Linux from scratch 01: How does the CPU execute an instruction?

Linux from scratch 01: How does the CPU execute an instruction?

Author: Dao Ge, 10+ years of embedded development veteran.

Public number: [IOT Internet of Things Town], focusing on: C/C++, Linux operating system, application design, Internet of Things, single-chip microcomputer and embedded development. Reply to the official account [Books] to get classic books in the Linux and embedded fields.

Reprint: Welcome to reprint the article, and the source must be indicated.

[TOC]

[Linux from scratch] What is it

Over the past two years, my focus has always been on the x86 Linux system, from the driver to the middle layer to the application layer development.

With the continuous expansion of the content, I feel that many basic things have almost forgotten before, such as the following table ("In-depth understanding of the LINUX kernel" chapter

47
page):

This table describes

Linux
Several segment descriptor information in the system.

Data segment and code segment, a closer look at the relevant books will know what these descriptors mean, but:

Why are the Base addresses of these segments

0x00000000
?

Why are Limits

0xfffff
?

Why are their Type and priority DPL different?

If not right

x86
To understand some basic knowledge of the platform, it is really laborious to finish this book!

What s worse is that with

Linux
The size of the kernel code continues to expand, and the latest 5.13 version compressed file is already more than one hundred megabytes:

Such a behemoth, how to start to really learn well

Linux
What? !

Even from the Linux version 0.11, many of the codes seem to be very laborious!

When sorting out some dusty books this weekend, I found several good books I have read before: Wang Shuang's "Assembly Language", Li Zhong's "From Real Mode to Protected Mode", Ma Zhaohui's "Assembly Language Programming", etc. Wait.

They are all very-very-old books.

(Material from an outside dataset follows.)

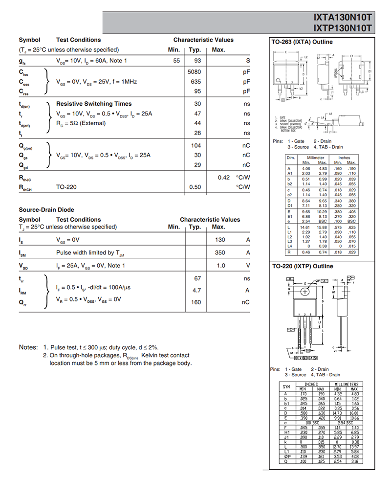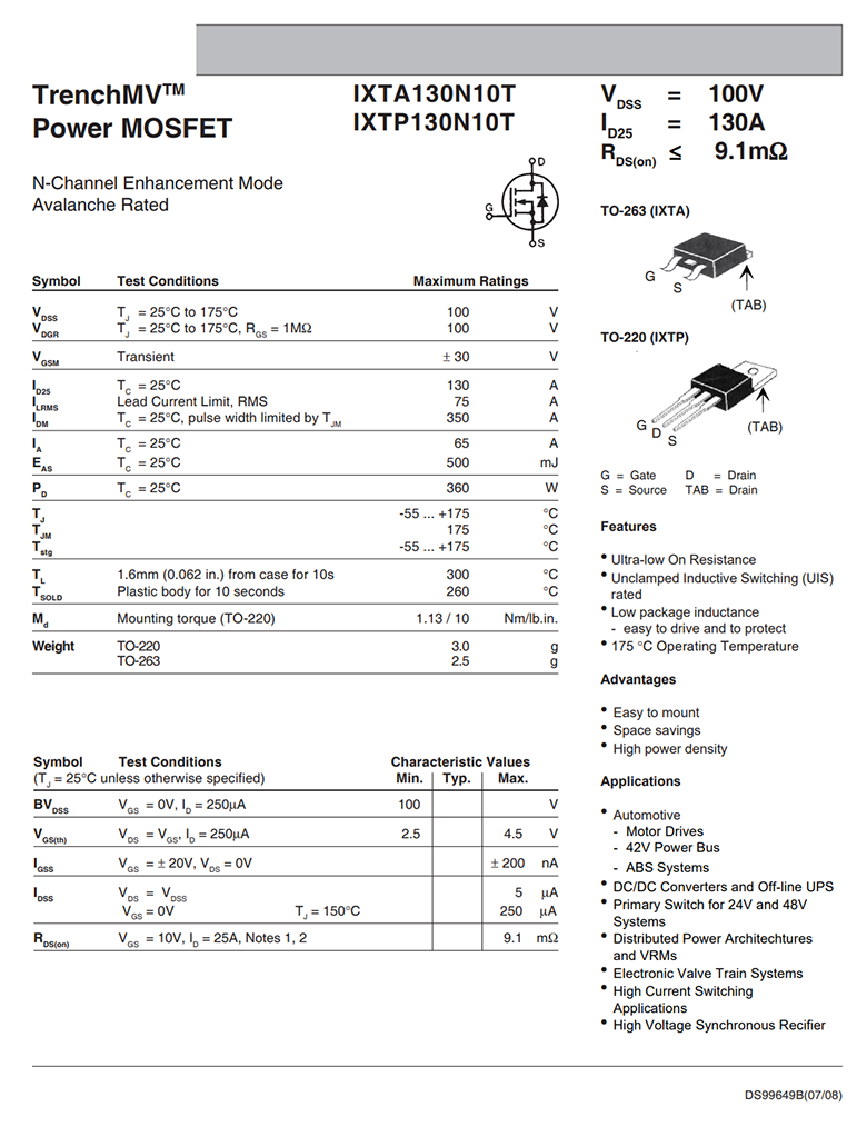 | Current - Continuous Drain (Id) @ 25°C | 130A (Tc) |

I turned it over again, and I really feel that the content is really good!

The description of some concepts, principles, and design ideas is clear and thorough.

Linux
A lot of design related to segmentation, memory, and registers in the system can be found in these books.

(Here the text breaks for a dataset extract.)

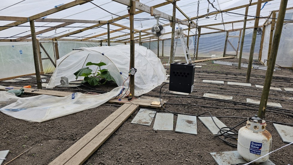 I ran out of cylinder tank CO2 feeding the small hoop so I started up the propane CO2 geneartor. I ran it for 7 hrs and it couldn't make enough CO2 in such a large greenhouse (2000 sq ft). Then I got a brainwave at 3am !!! Ya, I know , we're sick !!

Ever since, I had an idea: whether these books can be combined with

Linux
System-related content is re-read and organized once, but it is by no means a simple knowledge transfer.

After thinking about it, there are probably the following ideas:

  1. First determine the goal of the final goal: learning the Linux operating system;

  2. These books are written in assembly language and relatively basic low-level knowledge. We will play down the assembly language part and focus on the principle part related to the Linux operating system;

  3. Do not output articles strictly in accordance with the content and order of the book, but put the relevant parts of the content in several books together for study and discussion;

  4. Some content can be compared and analyzed with the relevant parts in the Linux 2.6 version, so that when you learn the Linux kernel part in the future, you can find the underlying support;

  5. In the end, I hope I can stick to this series myself, which can be considered as a sorting out for myself.

In a word: based on basic knowledge!

As the first chapter of the opening, this article will describe the execution steps of the following picture:

Start now!

Old Intel 8086 processor

8086
Yes
Intel
The first paragraph of the company
16
Bit processor, born in
1978
Years, it should be a bit older than your friends.

in

Intel
Among all the company s processors, it occupies a very important position. It is the entire
Intel 32
The originator of the bit architecture processor (IA-32).

So, the question is, what is a 16-bit processor?

Some people confuse the number of bits in the processor with the number of address buses!

we know,

CPU
When accessing the memory, the physical address is transmitted through the address bus.

8086 CPU
Have
20
Bit address line, can be transmitted
20
Bit address.

Each address line represents one

bit
, Then
20
A
bit
The maximum value that can be represented is 2 to the 20th power.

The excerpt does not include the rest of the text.